NovelToon NovelToon
Moonlight After Sunset: Black Magic

Moonlight After Sunset: Black Magic

Status: sedang berlangsung
Genre:Fantasi Timur / Balas Dendam / Epik Petualangan / Akademi Sihir
Popularitas:186
Nilai: 5
Nama Author: Riana Syarif

Buku kedua dari Moonlight After Sunset, bercerita tentang Senja, seorang gadis yang terlilit takdir membingungkan. Untuk mengetahui rahasia takdir yang mengikatnya, Senja harus membuang identitas lamanya sebagai Bulan dan mulai menjalani petualangan baru di hidupnya sebagai putri utama Duke Ari. Dalam series ini, Senja aka Bulan akan berpetualang melawan sihir hitam sembari mencari tahu identitas aslinya.

Karya ini diterbitkan atas izin NovelToon Riana Syarif, isi konten hanyalah pandangan pribadi pembuatnya, tidak mewakili NovelToon sendiri

Kabur III

"Semuanya akan baik-baik saja selama kamu bisa terus bertahan."

****

"Nona," teriak Dian saat Senja sudah berteleportasi.

Kondisinya tidak stabil namun masih dalam keadaan sehat. Dian dengan cepat menarik nona nya ke dalam pelukan untuk membuat Senja tetap berdiri dengan sempurna.

Dian tahu jelas jika kondisi nona nya itu cukup rapuh saat ini. Jika tidak ditopang maka tubuhnya akan segera merosot ke lantai tanpa daya.
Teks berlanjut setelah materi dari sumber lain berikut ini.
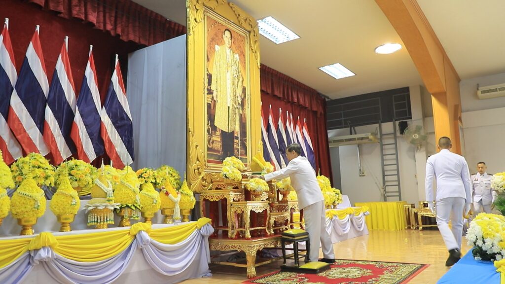 จากนั้นเวลา 08.00 น. ผู้ว่าราชการจังหวัดลพบุรี พร้อมด้วยนายกเหล่ากาชาดจังหวัดลพบุรี ข้าราชการ ตุลาการ ศาล ทหาร ตำรวจ และประชาชนชาวจังหวัดลพบุรี ร่วมประกอบพิธีวางพานพุ่มดอกไม้เบื้องหน้าพระบรมฉายาลักษณ์พระบาทสมเด็จพระบรมชนกาธิเบศร มหาภูมิพลอดุลยเดชมหาราช บรมนาถบพิตร เพื่อน้อมรำลึกในพระมหากรุณาธิคุณขิงพระองค์ที่ทีต่อประชาชนชาวไทย

"Hah, Dian. Kamar, segera ke kamar."

Senja berusaha mengambil napas panjang di sela-sela kalimatnya. Ia terlihat lelah dengan napas yang tersendat seperti orang yang terkena asma.

"Baik Nona."

Dian kemudian membawa Senja menuju kamarnya yang berada di lantai atas gedung Guild. Lantai atas adalah area pribadi milik Senja yang bahkan tidak sembarangan orang bisa masuk ke sana.

Setelah beberapa saat, tubuh Senja kembali normal. Napasnya mulai teratur kembali dengan ritme yang ringan. Meski begitu, kondisinya masih lemah, mungkin saja ini karena teleportasi yang baru saja ia lakukan.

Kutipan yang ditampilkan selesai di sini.